There are three parish churches at Shaftesbury; St. James’s, as you climb upwards towards the town, and Holy Trinity and St. Peter’s in the town itself. It is St. Peter’s which is seen in the illustration of Gold Hill, by whose incredibly steep ascent the pilgrim takes his way up from the deep recesses of the Vale. This is the most difficult approach, paved with granite setts divided off into broad steps, so that in wet weather the hillside shall not slip away into those depths; and with the craggy sides shored up by ancient stone buttresses of prodigious bulk. The building that closes in the view next the church tower, leaving but a narrow entrance alley into the town, is the Town Hall and Market House.

There are, of course, wider and less steep entrances to Shaftesbury, but this shows it on its most characteristic side.
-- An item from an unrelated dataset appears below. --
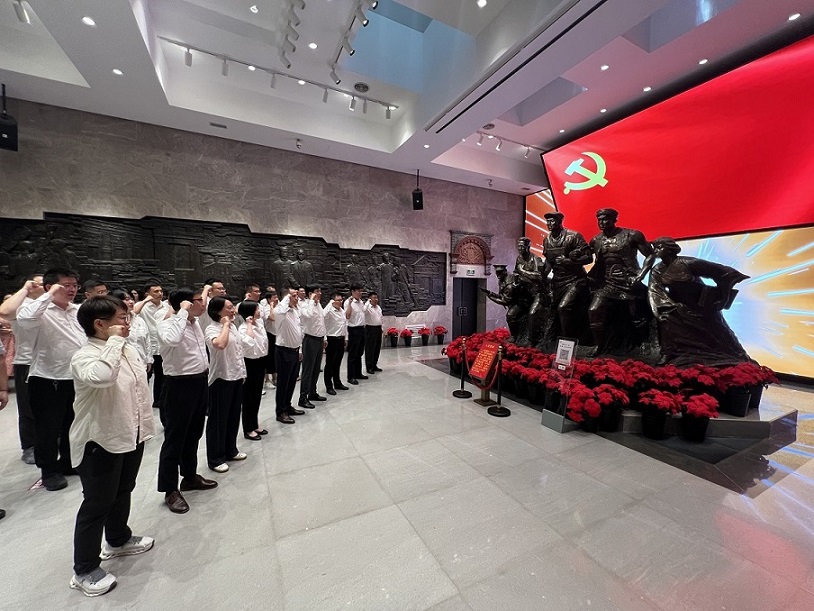 在紀(jì)念館內(nèi),上海公司黨員干部沿著歷史脈絡(luò),通過多媒體互動技術(shù)身臨其境地感受了1925年中共四大召開的生動場景,一件件珍貴的館藏文物、一幅幅生動的歷史圖片、一段段詳實的文字記錄,全方位展現(xiàn)了中共四大在黨的歷史上的重要意義。在黨旗下,全體黨員佩戴黨徽,舉起右拳,一起重溫入黨誓詞,用發(fā)自內(nèi)心的聲音表達(dá)對黨的絕對忠誠,共同說出為共產(chǎn)主義奮斗終身的鏗鏘誓言。

Shaftesbury is chiefly associated in the pages of the Wessex novels with Jude the Obscure, for here it was that the long-suffering and inoffensive Phillotson—who (why?) always reminds me of Wordsworth—obtained the school, which he and the distracting Sue were to jointly keep. Their house, “Old Grove’s Place,” is easily recognisable. You come to it past Bimport, near the fork of the roads that run severally to Motcombe and to East Stower, on the edge of the plateau. It is an old house with projecting porch and mullioned windows through which it would be quite easy, as in the story, to see the movements of any one inside; and the upper room over the entrance is not too high above the pavement for any one who, like Sue, leaped from the window, to alight without injury. Those people are probably few who feel an oppressiveness in old houses such as that which worried the highly strung and neurotic Sue Bridehead: “We don’t live in the school, you know,” said she, “but in that ancient dwelling across the way called Old Grove’s Place. It is so antique and dismal that it depresses me dreadfully. Such houses are very well to visit, but not to live in. I feel crushed into the earth by the weight of so many previous lives there spent. In a new place like these schools, there is only your own life to support.”

Close by are the schools. Looking upon them the more than usually sentimental pilgrim, with, it may be, some ancient tender passages of his own, stored up in the inviolate strong-box of his memory, to be unlocked and drawn forth at odd times, may think he identifies that window whence Sue, safely out of reach, spoke with Jude, standing down on the footpath, and said, “Oh, my poor friend and comrade, you’ll suffer yet!”